Skipping all pictures, print exactly the lines below from the one with "Middelgrote natuursteen waskom" through the final line.
---- Provided data
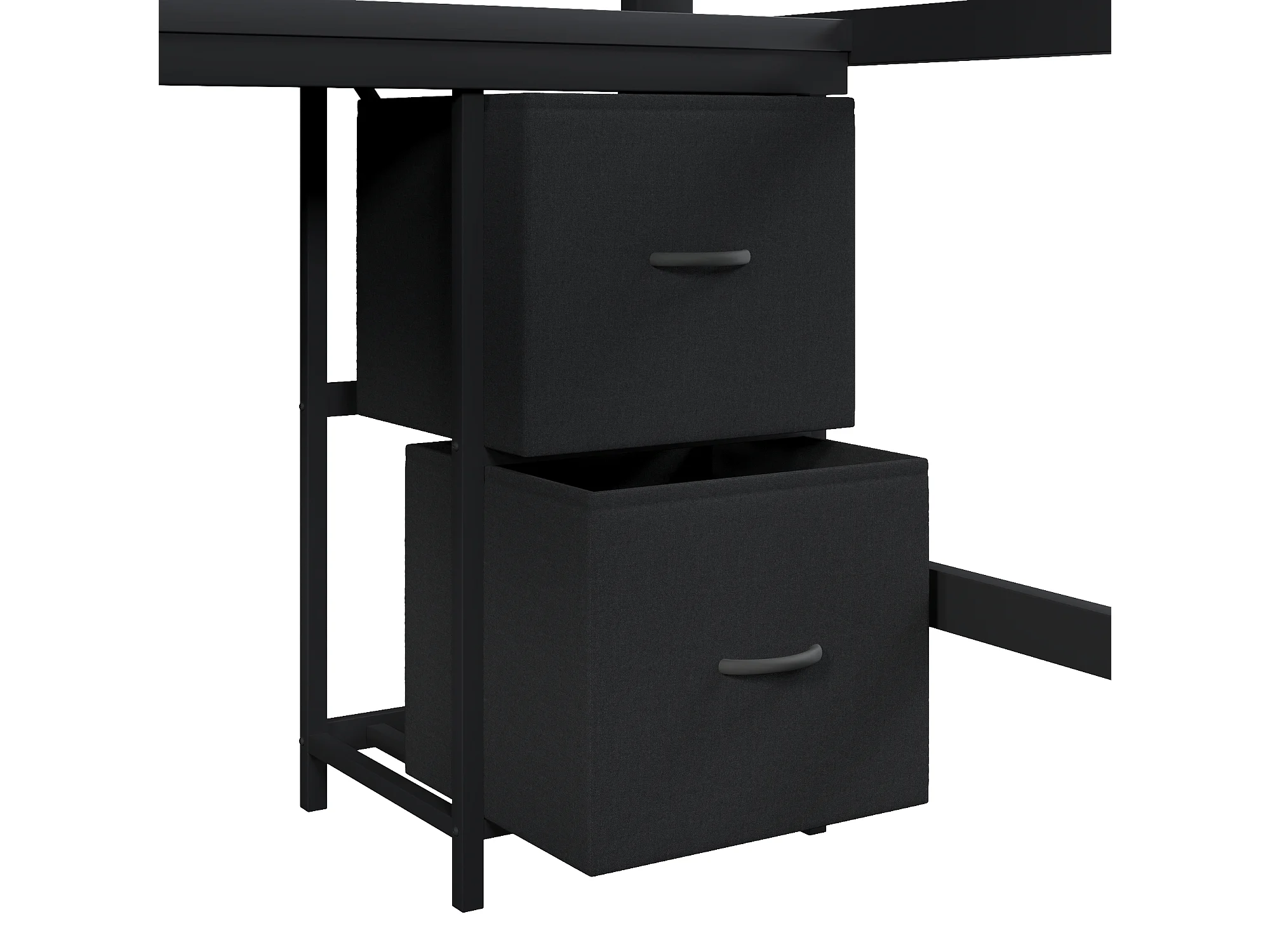 Lit Mezzanine 140x200 cm, Cadre en Métal avec Tiroirs Pratiques et Bureau en L Stylé - Design Stratifié, Noir
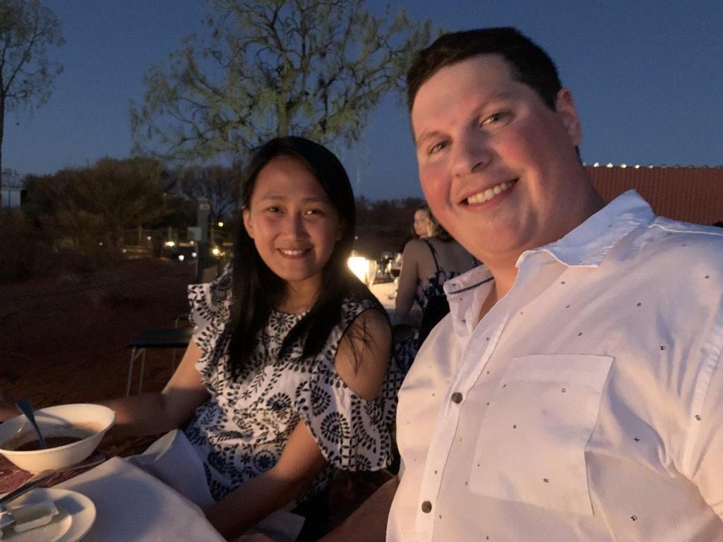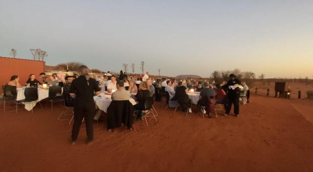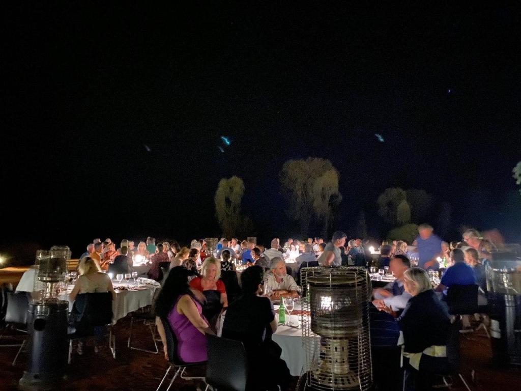 Setelah hari mulai gelap, kita diarahkan ke tempat duduk kita untuk makan malam. Kita akan bergabung dengan 8 wisatan yang lain dalam satu meja, seru juga sehingga kita bisa saling kenal satu dengan yang lain. Kita berkenalan dengan dua pasangan suami istri dari Sydney dan Adelaide, juga ada dua jurnalis. Sepanjang makan malam kita saling bercerita tentang pengalaman berpetualang masing-masing.
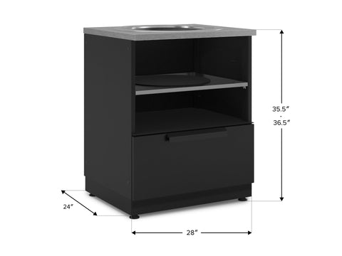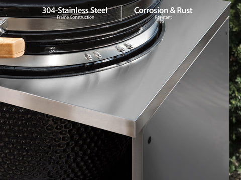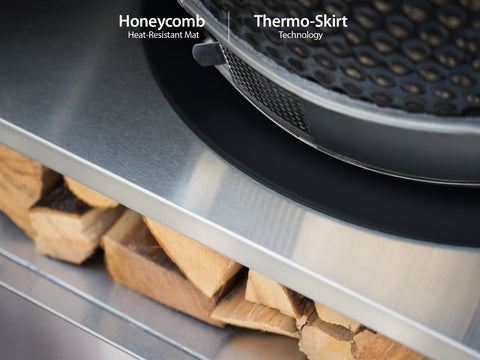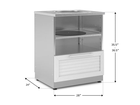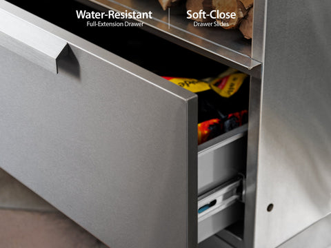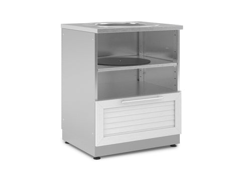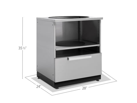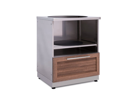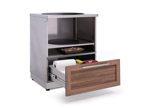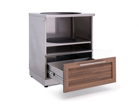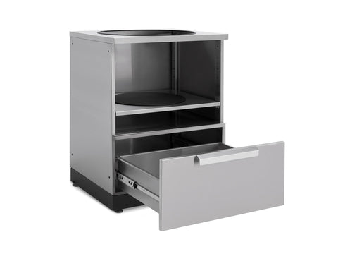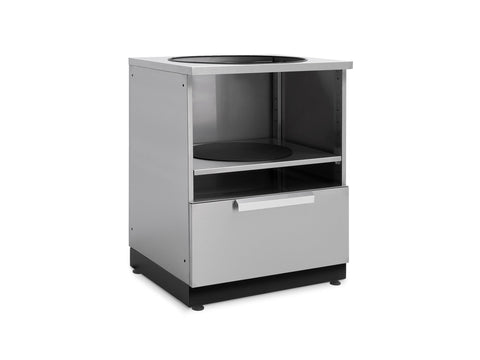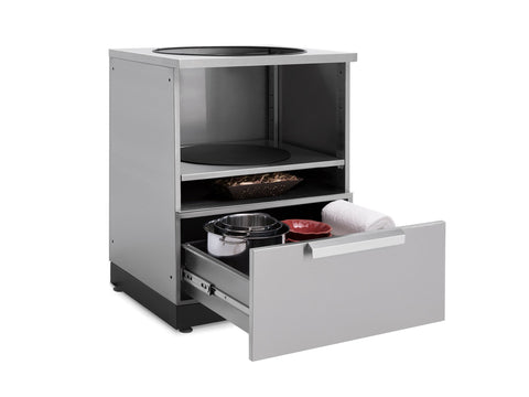 The Outdoor Kitchen Kamado Cabinet easily supports most ceramic BBQs, with plenty of additional storage space and unique features to elevate your culinary techniques. This cabinet can accommodate multiple sizes of ceramic Kamado BBQs and has a honeycomb, heat-resistant silicone mat to disperse the heat evenly, keeping the shelf cool, even at extreme temperatures. This cabinet is for use with compatible ceramic Kamado Grills only. Check your Kamado product manual for compatibility and safety requirements. Constructed from restaurant-grade, 304 stainless steel, with reinforced double-wall doors, this cabinet is built for all-season durability. The extra-deep weather-resistant drawer is a great space for storing wood chips, charcoal and serving platters under your Kamado. Soft-close drawer slides allow it to close gently, reducing slams while you’re barbecuing. Upgrade your barbecuing experience with the NewAge Products Outdoor Kitchen Kamado Cabinet.
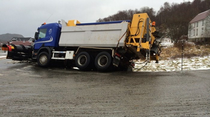 Brd. Bakk ble stående på Bruvolla ved Kverneskrysset med en brøytebil i dag. Litt tidlig i svingen eller noe som ga etter, så er vel dette lett med slike tunge biler. ( Leserbilde)
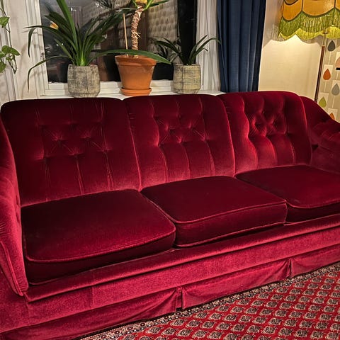 Orange chesterfield soffa i sammet
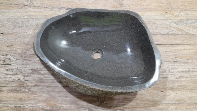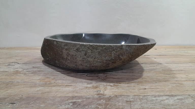Middelgrote natuursteen waskom van Riviersteen. Deze rivierstenen waskom van is perfect voor kleine tot middelgrote badkamermeubels. Elke rivierstenen waskom wordt met de hand vervaardigd uit massief natuursteen. De binnenzijde van de kom wordt glad gepolijst voor een snelle waterafvoer en eenvoudig onderhoud, de buitenzijde blijft ruw en onbewerkt waardoor de kom zijn robuuste en natuurlijke karakter behoudt.
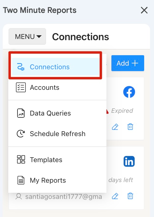 - Click the Menu at the top-left of the sidebar to open the Connections section.
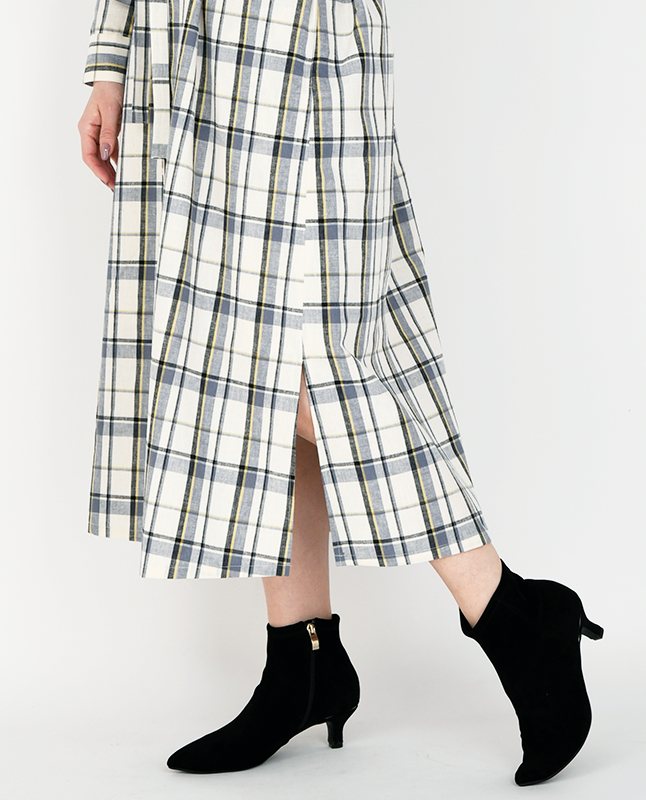 トラッドなチェックのワンピース。
--------
Answer area:
Middelgrote natuursteen waskom van Riviersteen. Deze rivierstenen waskom van is perfect voor kleine tot middelgrote badkamermeubels. Elke rivierstenen waskom wordt met de hand vervaardigd uit massief natuursteen. De binnenzijde van de kom wordt glad gepolijst voor een snelle waterafvoer en eenvoudig onderhoud, de buitenzijde blijft ruw en onbewerkt waardoor de kom zijn robuuste en natuurlijke karakter behoudt.
 - Click the Menu at the top-left of the sidebar to open the Connections section.
 トラッドなチェックのワンピース。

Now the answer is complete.